- [Work required]:
Line by line, copy the records below exactly and leave the pictures out.

- [Records provided]:
━━━━━━━━━━━━━━━━━━━━

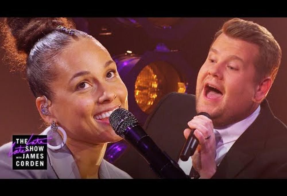 Nella versione di Alicia Keys e James Corden, Alicia chiede consigli su come comportarsi presentando i Grammy a Corden, che per due volte ha fatto gli onori di casa alla cerimonia.
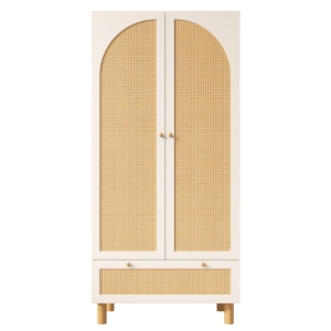Armadio portaoggetti a 2 ante con frontale in rattan, ampio cassetto, ripiani regolabili e barra appendiabiti, 85.5x52x180.5 cm, Bianco(m-11)
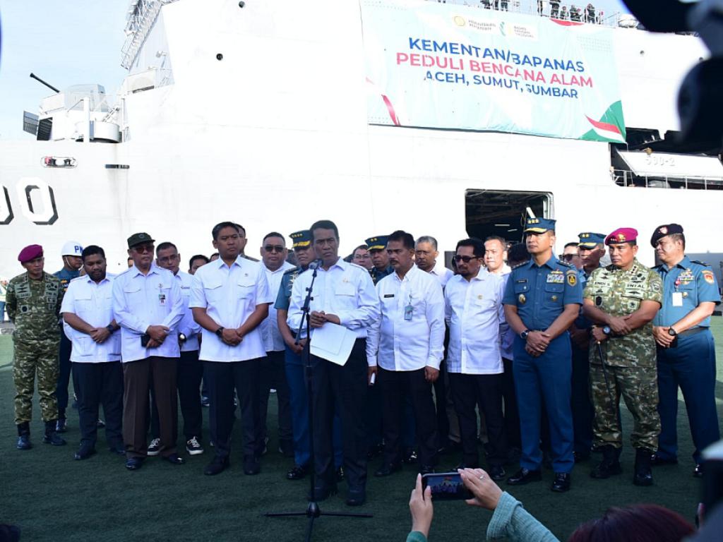 Di hadapan awak media, Menteri Pertanian RI menyampaikan bahwa kegiatan tersebut merupakan tindak lanjut arahan Presiden Republik Indonesia Bapak Prabowo Subianto untuk hadir membantu meringankan beban masyarakat yang terdampak bencana alam. “Ini kolaborasi kami dengan TNI Angkatan Laut dalam mengirimkan barang ke Aceh, Sumatera Utara, dan Sumatera Barat untuk meringankan beban saudara-saudara kita yang terkena bencana,” ujar Mentan RI.
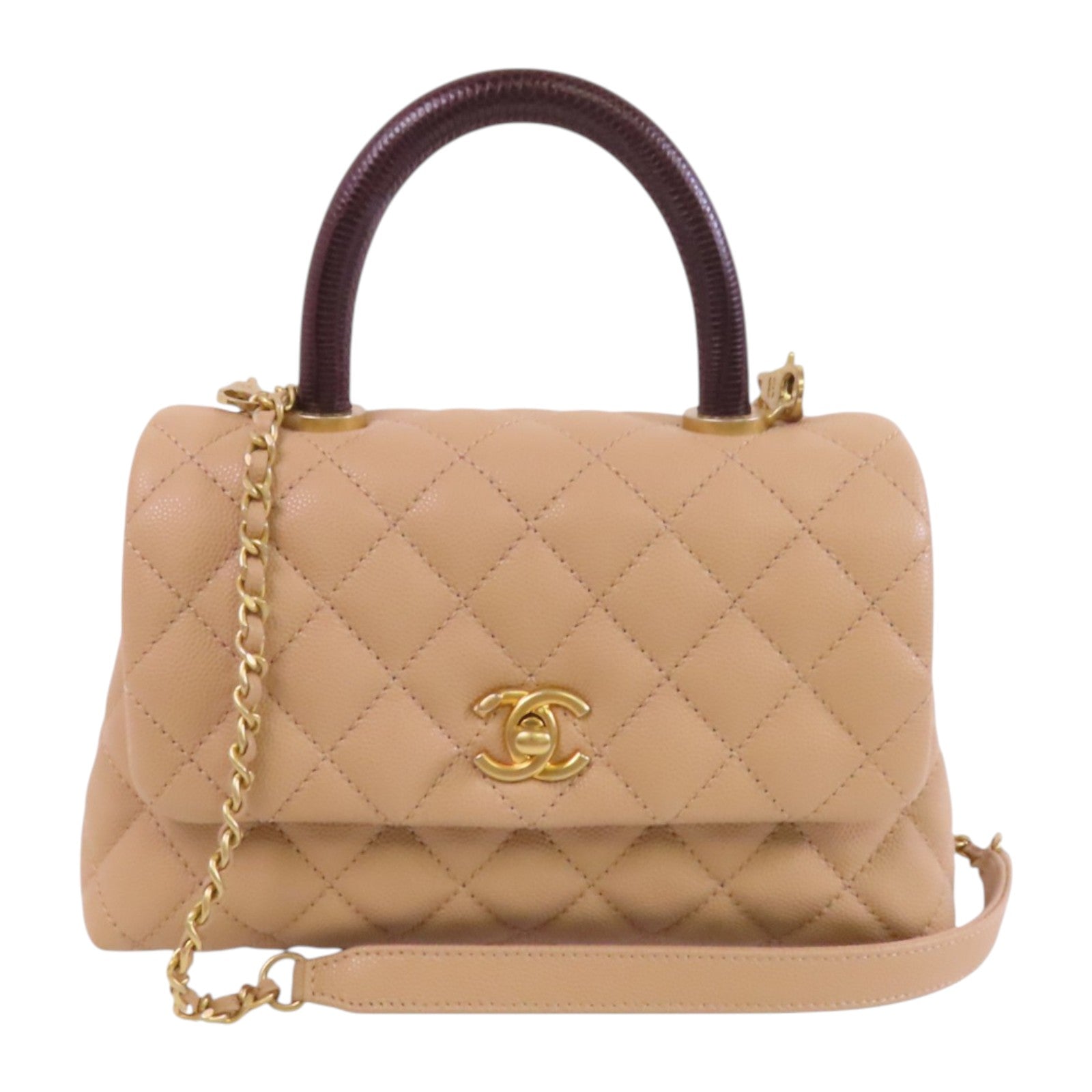 CHANEL 牛皮皮革/蜥蝪皮革Coco Handle金扣手挽肩背兩用袋
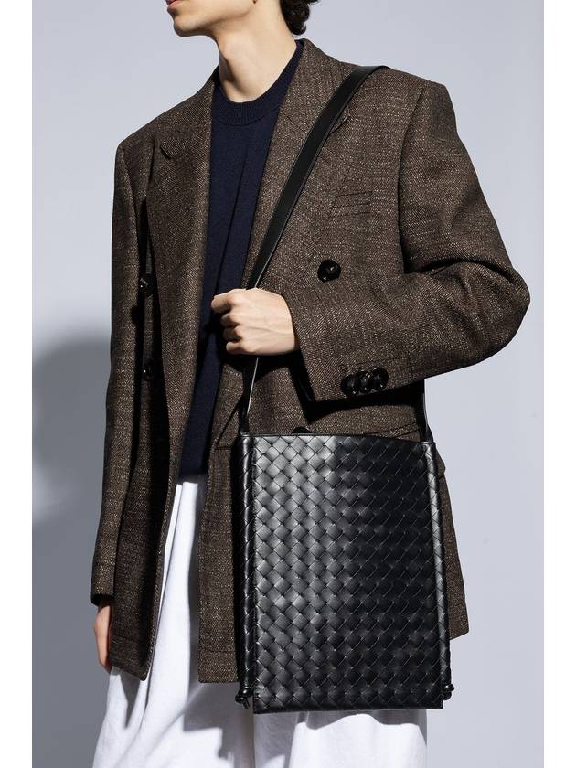 Product Name: Intrecciato Flat Loop Large Leather Cross Bag Black
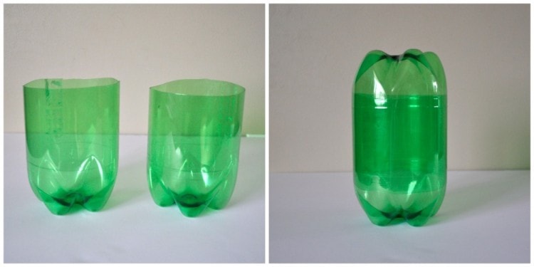 - two empty and clean 2-liter soda bottles (we used green Gingerale bottles)
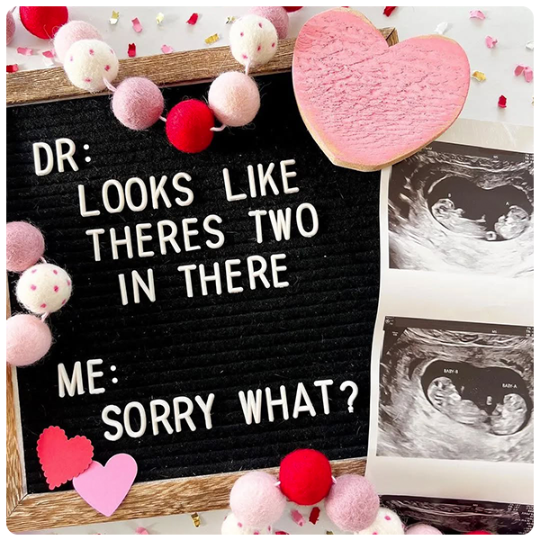 A humorous letterboard from @ashleymurphyfamily paired with twin ultrasound photos, confetti and hearts makes this announcement a playful way to share the sweet—and sometimes shocking—surprise of twins on the way.
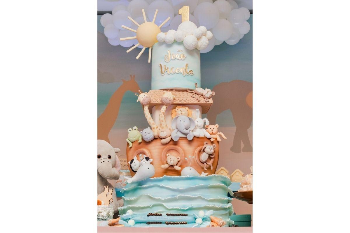 Para as famílias que gostam da história da Arca de Noé e de referências bíblicas, o aniversário de 1 ano do seu filho é a ocasião perfeita para colocar a imaginação na roda e criar uma decoração linda e cheia de elementos que fazem referência à história. A estrela dessa referência é o bolo, que tem vários andares e traz a água, o sol, as nuvens e a arca com os animais escolhidos.
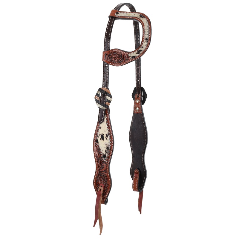 The Showman Western Luxe Series Iris One Ear Headstall is a stunning blend of quality craftsmanship and distinctive design. Made from medium oiled floral tooled leather, this headstall features a luxurious hair-on cowhide overlay, creating a refined look that stands out in any setting.Adorned with silver stud accents and dual silver and copper bar buckles, it exudes western charm and sophistication. The mahogany bit ties offer practicality with their easy onoff functionality, making this headstall as functional as it is stylish. Perfect for both everyday use and competitive events, the Iris One Ear Headstall is a must-have for any equestrian.Premium Leather: Crafted from medium oiled floral tooled leather for durability and a refined, polished look.Hair-on Cowhide Overlay: Adds texture and luxury to the design, enhancing the overall aesthetic.Silver Stud Accents: Decorative silver studs bring extra flair to the western style.Dual Buckles: Features dual silver and copper bar buckles for easy adjustability and a stylish, unique finish.Mahogany Bit Ties: Equipped with mahogany bit ties for easy onoff convenience and a secure fit.One Ear Design: The one ear style provides comfort and functionality for everyday riding and show events.Material: Medium oiled floral tooled leather, hair-on cowhide overlay, mahogany bit tiesColor: Mahogany leather with hair-on cowhide accents, silver and copper hardwareDesign: One ear style with dual bar buckles and mahogany bit tiesDecorative Accents: Silver stud detailing and copper bar bucklesBit Ties: Mahogany bit ties for easy onoff functionalityUsage: Ideal for western riding, shows, and everyday useSize: Adjustable to fit a wide range of horsesvar TabbedPanels1=new Spry.Widget.TabbedPanels(TabbedPanels1);
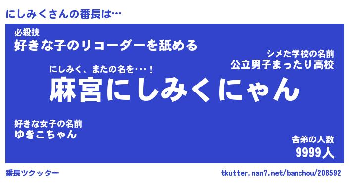 | 肩書あだ名 | 『にしみく社長令嬢』『にしみく国家主席』 |
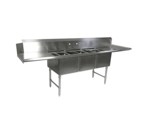 Dishtable/Pot Sinks, clean, straight design, 91-5/8"W x 30-3/8"D x 44-1/16"H overall size, (3) 18"W x 24" front-to-back x 14" deep compartments, (2) 18" drainboards, dish machine attachment on left side, 10"H boxed backsplash, (1) set of splash mount faucet holes with 8" centers, (3) rack slides with storage bracket, 16/300 stainless steel construction, stainless steel legs, bracing, & adjustable bullet feet, NSF, CSA-Sanitation (limited options available for this model) (Available in Effingham and Nevada)

━━━━━━━━━━━━━━━━━━━━

- [Task result]:
 Nella versione di Alicia Keys e James Corden, Alicia chiede consigli su come comportarsi presentando i Grammy a Corden, che per due volte ha fatto gli onori di casa alla cerimonia.
Armadio portaoggetti a 2 ante con frontale in rattan, ampio cassetto, ripiani regolabili e barra appendiabiti, 85.5x52x180.5 cm, Bianco(m-11)
 Di hadapan awak media, Menteri Pertanian RI menyampaikan bahwa kegiatan tersebut merupakan tindak lanjut arahan Presiden Republik Indonesia Bapak Prabowo Subianto untuk hadir membantu meringankan beban masyarakat yang terdampak bencana alam. “Ini kolaborasi kami dengan TNI Angkatan Laut dalam mengirimkan barang ke Aceh, Sumatera Utara, dan Sumatera Barat untuk meringankan beban saudara-saudara kita yang terkena bencana,” ujar Mentan RI.
 CHANEL 牛皮皮革/蜥蝪皮革Coco Handle金扣手挽肩背兩用袋
 Product Name: Intrecciato Flat Loop Large Leather Cross Bag Black
 - two empty and clean 2-liter soda bottles (we used green Gingerale bottles)
 A humorous letterboard from @ashleymurphyfamily paired with twin ultrasound photos, confetti and hearts makes this announcement a playful way to share the sweet—and sometimes shocking—surprise of twins on the way.
 Para as famílias que gostam da história da Arca de Noé e de referências bíblicas, o aniversário de 1 ano do seu filho é a ocasião perfeita para colocar a imaginação na roda e criar uma decoração linda e cheia de elementos que fazem referência à história. A estrela dessa referência é o bolo, que tem vários andares e traz a água, o sol, as nuvens e a arca com os animais escolhidos.
 The Showman Western Luxe Series Iris One Ear Headstall is a stunning blend of quality craftsmanship and distinctive design. Made from medium oiled floral tooled leather, this headstall features a luxurious hair-on cowhide overlay, creating a refined look that stands out in any setting.Adorned with silver stud accents and dual silver and copper bar buckles, it exudes western charm and sophistication. The mahogany bit ties offer practicality with their easy onoff functionality, making this headstall as functional as it is stylish. Perfect for both everyday use and competitive events, the Iris One Ear Headstall is a must-have for any equestrian.Premium Leather: Crafted from medium oiled floral tooled leather for durability and a refined, polished look.Hair-on Cowhide Overlay: Adds texture and luxury to the design, enhancing the overall aesthetic.Silver Stud Accents: Decorative silver studs bring extra flair to the western style.Dual Buckles: Features dual silver and copper bar buckles for easy adjustability and a stylish, unique finish.Mahogany Bit Ties: Equipped with mahogany bit ties for easy onoff convenience and a secure fit.One Ear Design: The one ear style provides comfort and functionality for everyday riding and show events.Material: Medium oiled floral tooled leather, hair-on cowhide overlay, mahogany bit tiesColor: Mahogany leather with hair-on cowhide accents, silver and copper hardwareDesign: One ear style with dual bar buckles and mahogany bit tiesDecorative Accents: Silver stud detailing and copper bar bucklesBit Ties: Mahogany bit ties for easy onoff functionalityUsage: Ideal for western riding, shows, and everyday useSize: Adjustable to fit a wide range of horsesvar TabbedPanels1=new Spry.Widget.TabbedPanels(TabbedPanels1);
 | 肩書あだ名 | 『にしみく社長令嬢』『にしみく国家主席』 |
 Dishtable/Pot Sinks, clean, straight design, 91-5/8"W x 30-3/8"D x 44-1/16"H overall size, (3) 18"W x 24" front-to-back x 14" deep compartments, (2) 18" drainboards, dish machine attachment on left side, 10"H boxed backsplash, (1) set of splash mount faucet holes with 8" centers, (3) rack slides with storage bracket, 16/300 stainless steel construction, stainless steel legs, bracing, & adjustable bullet feet, NSF, CSA-Sanitation (limited options available for this model) (Available in Effingham and Nevada)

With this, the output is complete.